▶ **Instructions to follow**: Output the first line below and each one after it, exactly, up to and including the line holding "Sandalo da bimba". Pictures should not be copied.

▶ **Supplied material**:
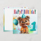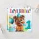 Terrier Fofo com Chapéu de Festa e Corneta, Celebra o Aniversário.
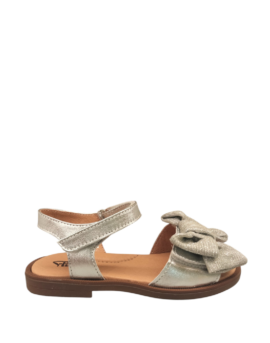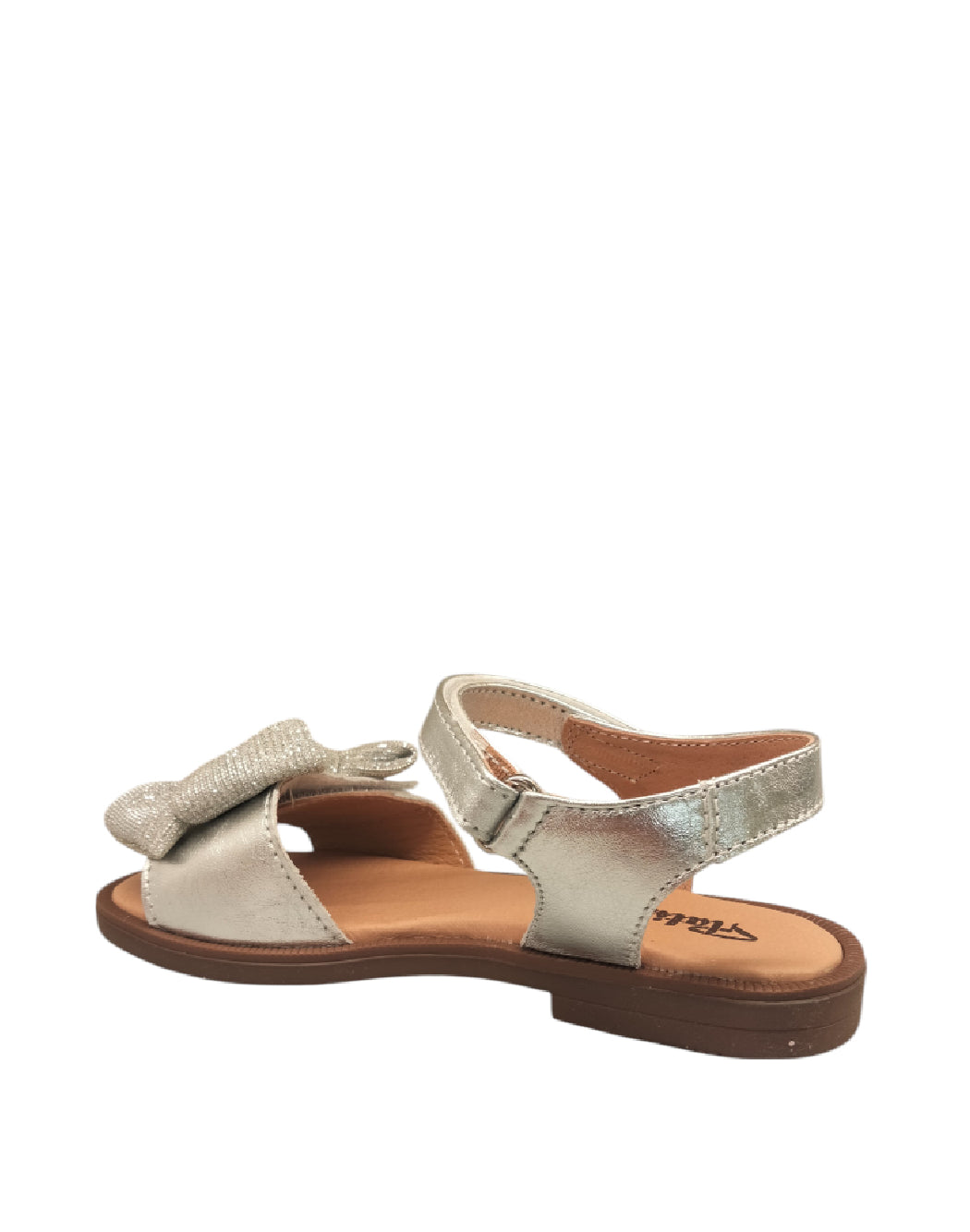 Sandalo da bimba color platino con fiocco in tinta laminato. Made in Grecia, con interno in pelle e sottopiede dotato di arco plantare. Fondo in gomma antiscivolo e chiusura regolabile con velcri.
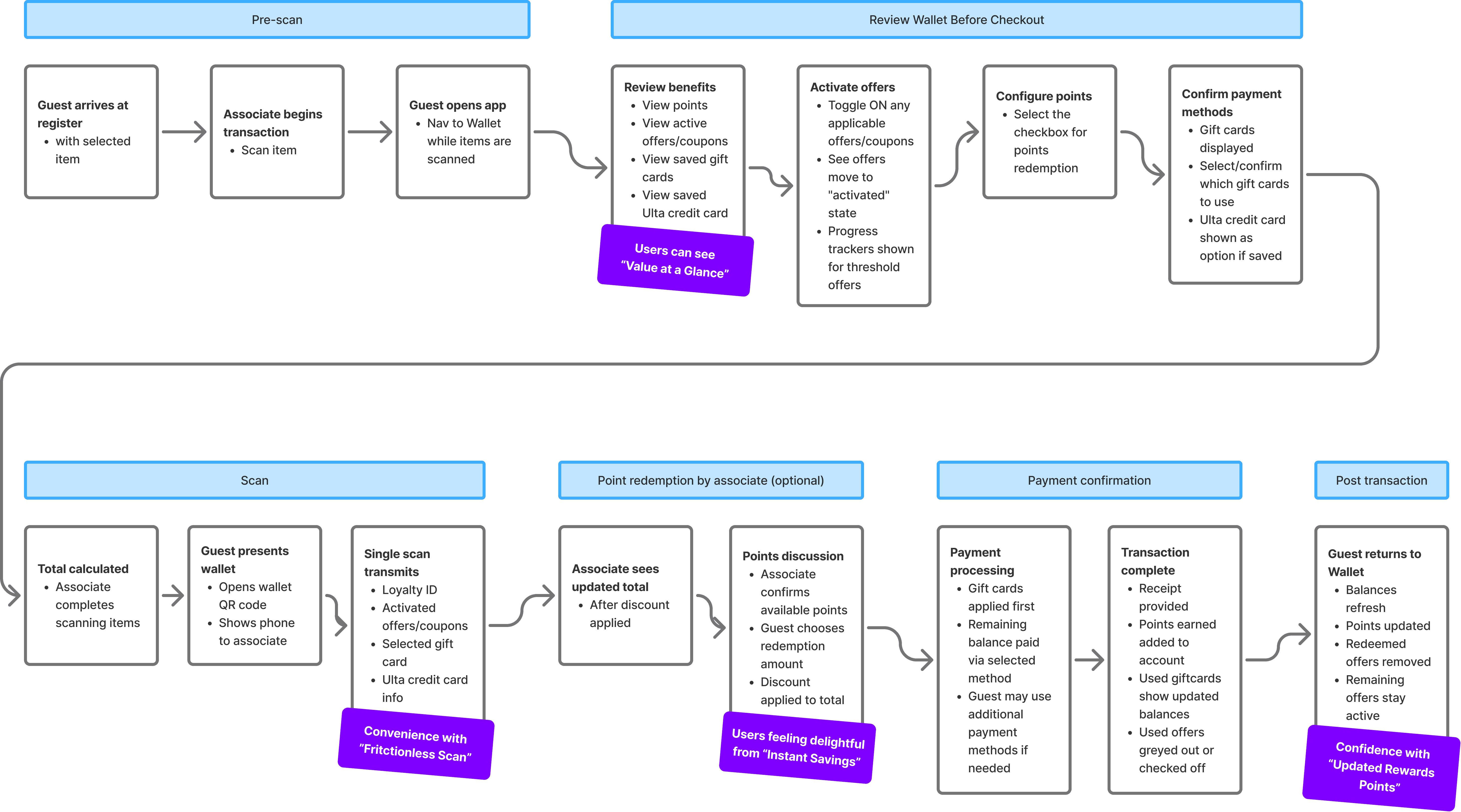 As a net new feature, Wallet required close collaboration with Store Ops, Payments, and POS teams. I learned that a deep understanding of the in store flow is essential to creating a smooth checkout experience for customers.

▶ **Written solution**:
 Terrier Fofo com Chapéu de Festa e Corneta, Celebra o Aniversário.
 Sandalo da bimba color platino con fiocco in tinta laminato. Made in Grecia, con interno in pelle e sottopiede dotato di arco plantare. Fondo in gomma antiscivolo e chiusura regolabile con velcri.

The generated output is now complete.